A lower rate of job creation has dampened the ability of America’s rural areas to recover from the Great Recession.
An analysis from Zillow shows that the 25 largest job markets have accounted for more than half of employment growth and nearly two-thirds of home value growth since July 2019.
The analysis highlights that the rapid growth in home values and therefore the increased amount needed for a down payment, are a key reason why homeownership rates among young people in the years since the Great Recession are lower than those during the previous economic expansion of the early-to-mid 2000s.
"The striking difference between the two periods of recent economic expansion is the contrast between more balanced growth across the U.S. in the early 2000s, to a fairly consistent pattern of rural and small markets being left behind as jobs and home value growth concentrate in large markets," said Skylar Olsen, director of economic research at Zillow.
Olsen added that rural and small markets are facing the continuing struggles of the jobs market where manufacturing and agriculture are concentrated. But there are also challenges for large markets.

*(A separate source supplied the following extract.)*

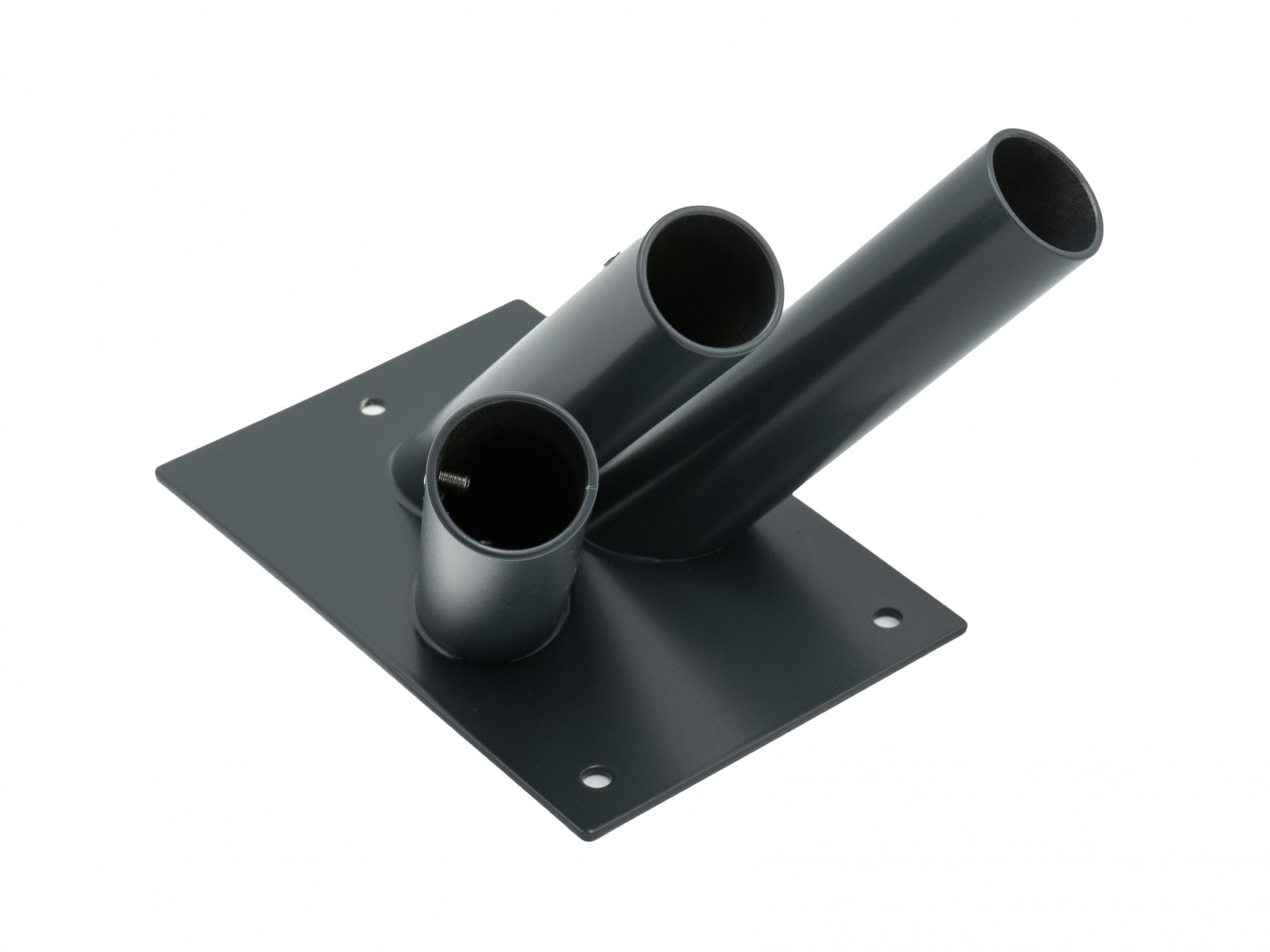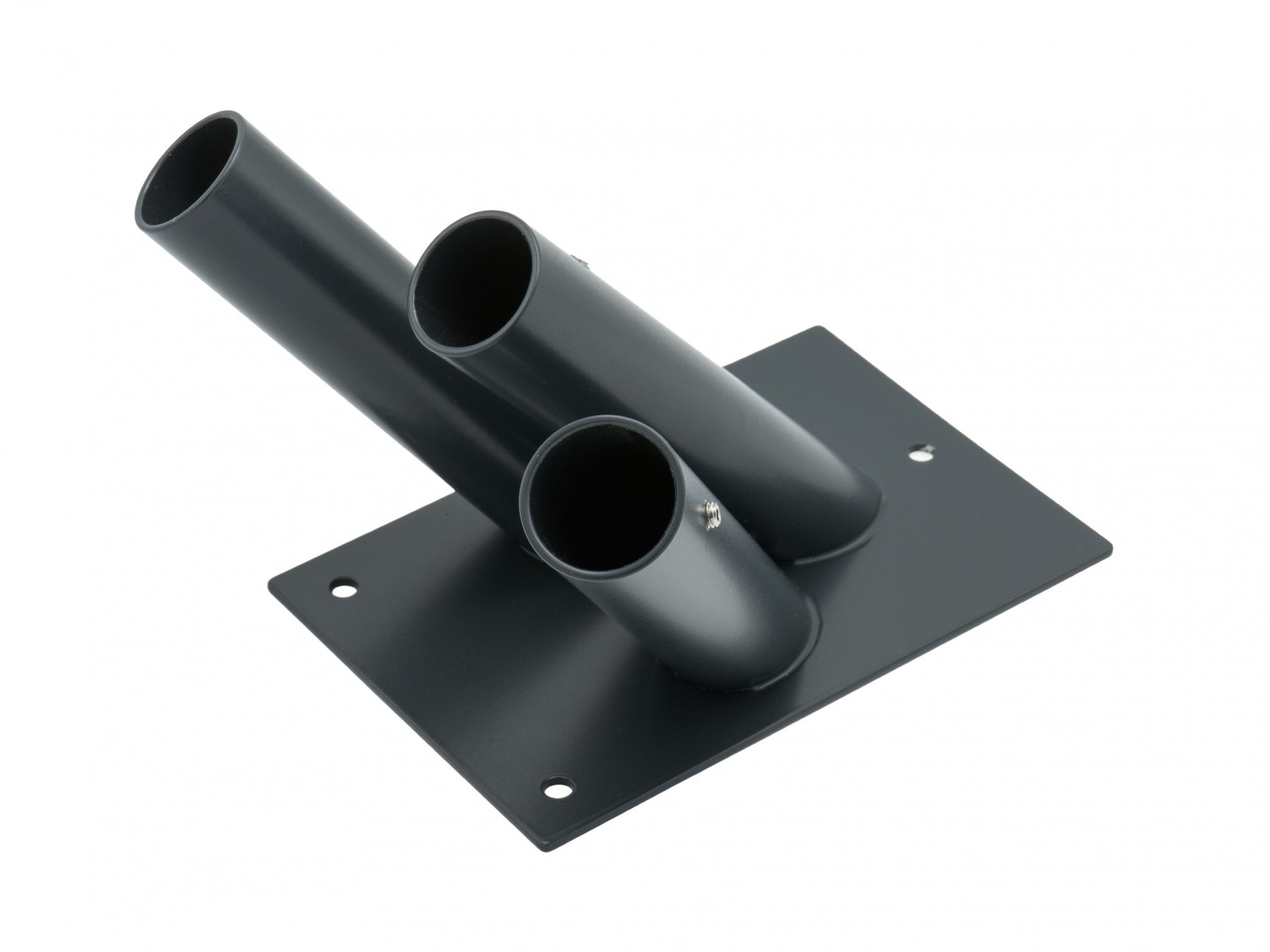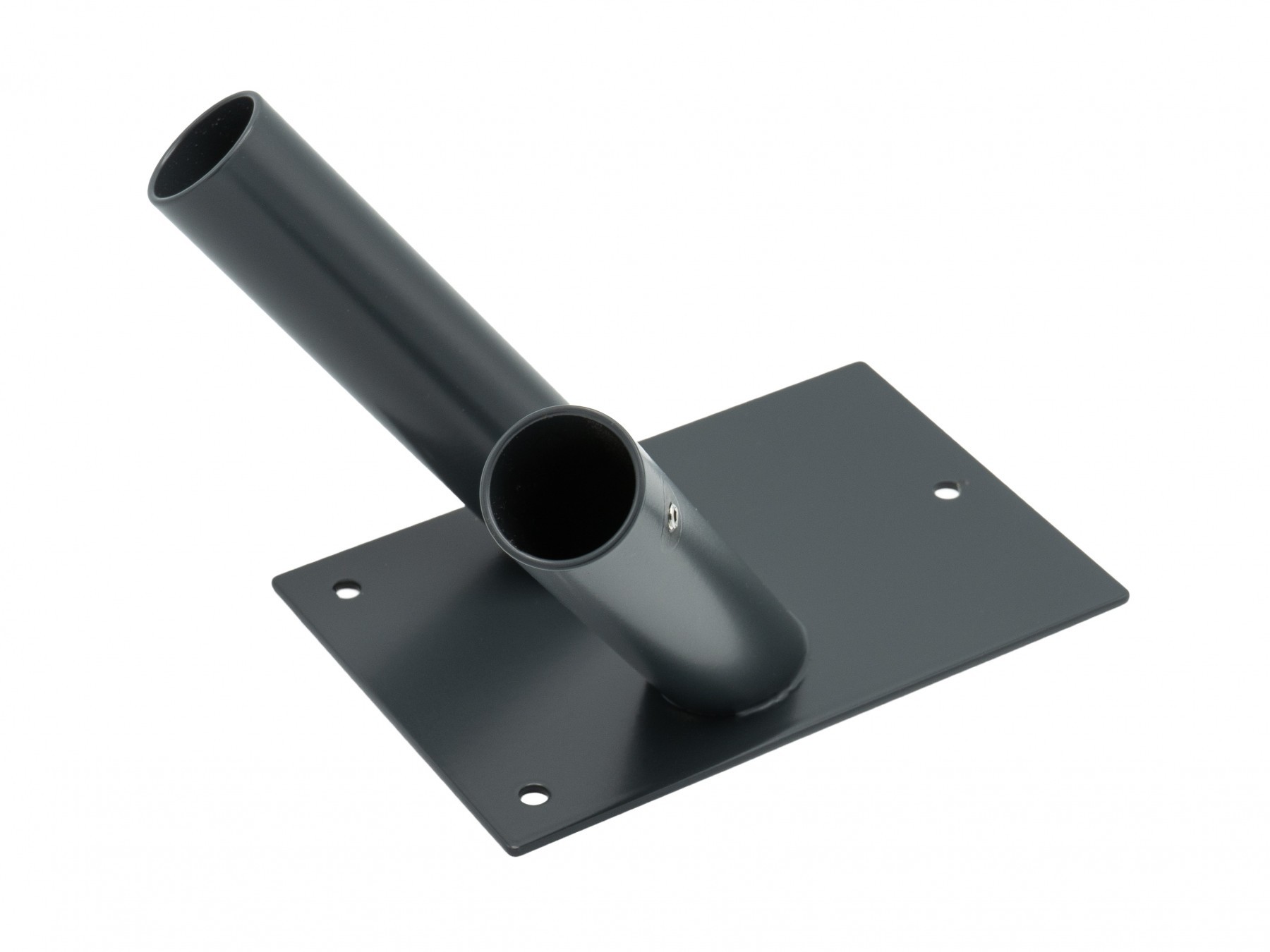 Nerezový fasádní držák na vlajku v moderní antracitové barvě na stěnu se základnou 15x10 cm a třemi otvory na navrtání do fasády. Držáky jsou vhodné na nabízené žerdě. Otvor má průměr cca 2,6 cm. Doporučujeme kovovou žerď s koulí či dřevěnou 2 m žerď.

“It's not only about job vitality but also a city's ability to increase the amount of housing to meet that influx of workers,” he said. “Job concentration increasingly means that already expensive metros are becoming even more expensive at a faster rate than before."
Second-tier markets have seen the strongest growth including Seattle and Pittsburgh. These metros have seen average employment growth of 4% above the national average and average home value growth of 7.6%.